Indeed, when Yellen dismissed the right-wing idea—payment prioritization—she was also contradicting prior planning by the Fed. In 2011, when she served as Fed vice chair and when the government came the closest ever to a debt default, the Fed set up a process for making prompt payments to service debt and delaying other obligations. At that time, Treasury was calling this “default by another name,” which of course it was: Any delay of any payment to a particular party signifies a default. But the Fed was acting behind the scenes to reassure investors that they would get their bond payments on time.
In both cases, the dynamics are basically the same. Yellen is saying in public what she needs to say to keep the heat on Congress: that they and only they will be responsible for default if it happens, and that nothing can bail them out. Behind the scenes, other options have not been foreclosed. Yellen is not saying she won’t issue a platinum coin, and she’s not saying she won’t dare send one payment ahead of schedule over another. She’s just telling legislators not to assume these measures will work, and that the blood will be on their hands.

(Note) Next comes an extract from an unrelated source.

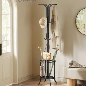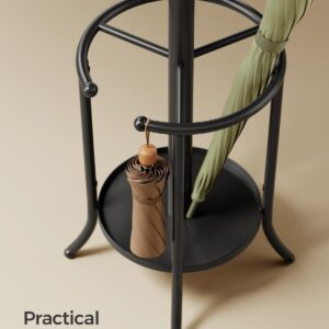 Praktikus esernyőtartó Ez az akasztó tartalmaz egy esernyőállványt kivágott résszel, amely hosszú és összecsukható esernyőkhöz is alkalmas, valamint egy csepptálcát, amely megvédi a padlót az esővíztől
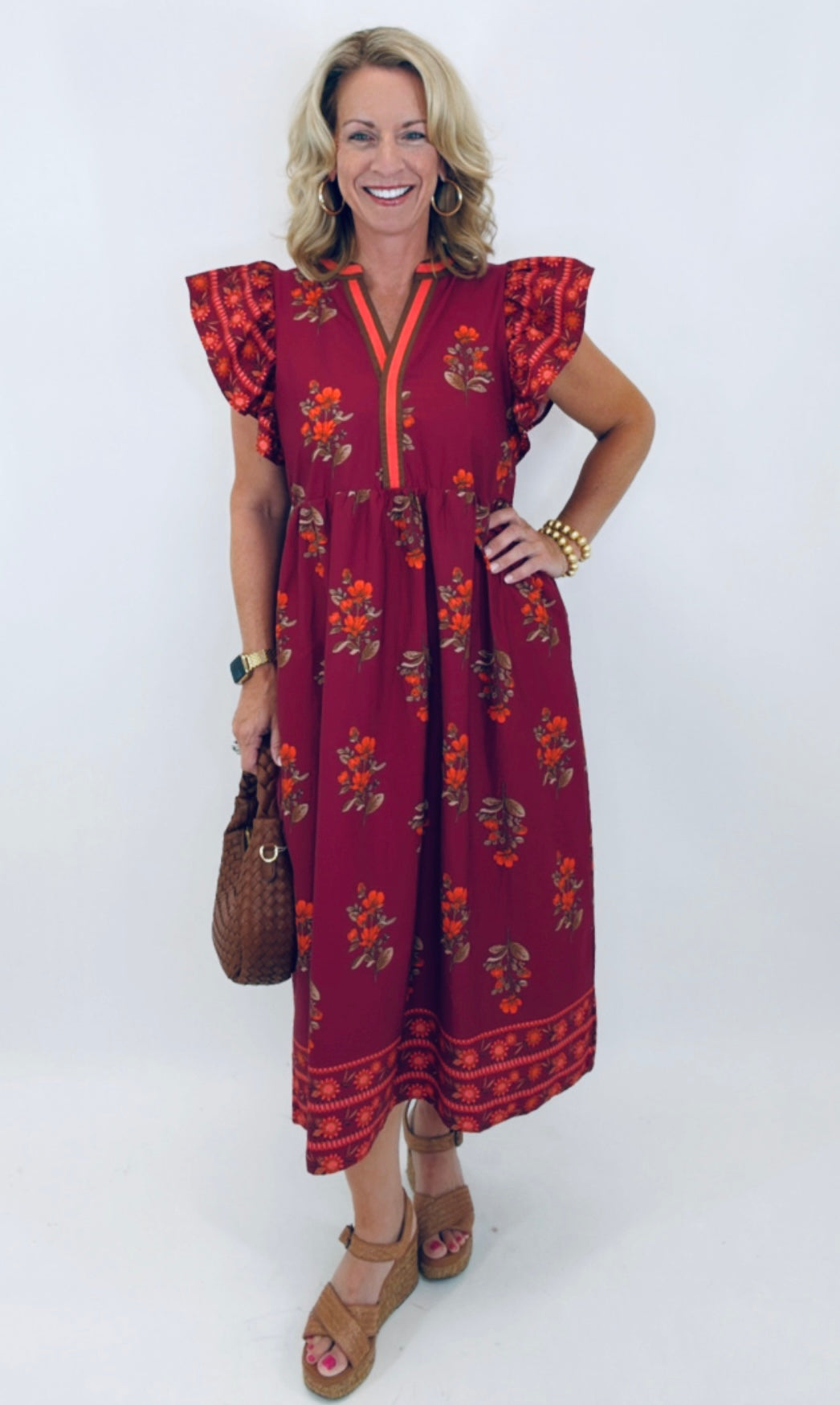 Let your style bloom in the Rustling Petals Dress! This deep red midi is sprinkled with fall-toned florals and finished with ruffled statement sleeves that bring all the drama (the good kind). The breezy fit and detailed trim neckline make it an effortless pick for day-to-dinner dressing. And yes, it has pockets—because why wouldn’t it?

That’s not a bad position at this time. Republicans are frustrated that they have no negotiating partner on the debt; what House Speaker Kevin McCarthy wanted to claim was the first negotiating session with the president was shot down quickly by the White House press secretary. The right doesn’t even have a clear demand—many Republicans have suggested big cuts to Social Security and Medicare (though not spelled out in detail), but their once and future leader Donald Trump recently warned them not to touch either program.
So turning up the burner bit by bit and locking the escape hatches, makes some sort of sense. It should not be construed as an abandonment of ideas like minting the coin, which have yet to be invalidated at the highest levels.
Maximum humiliation of Republicans isn’t the only strategy here, of course. Using the coin or some other option to make clear that hostage-taking simply won’t work could prove more attractive, especially to invalidate future battles. We shouldn’t have to perpetually and needlessly push to the brink of default every time there’s divided government. Convincing the Biden administration of that reality will be difficult; they have clearly gone with the strategy of tightening the vice around the GOP. But in the long term, defusing the debt limit forever ought to be the goal.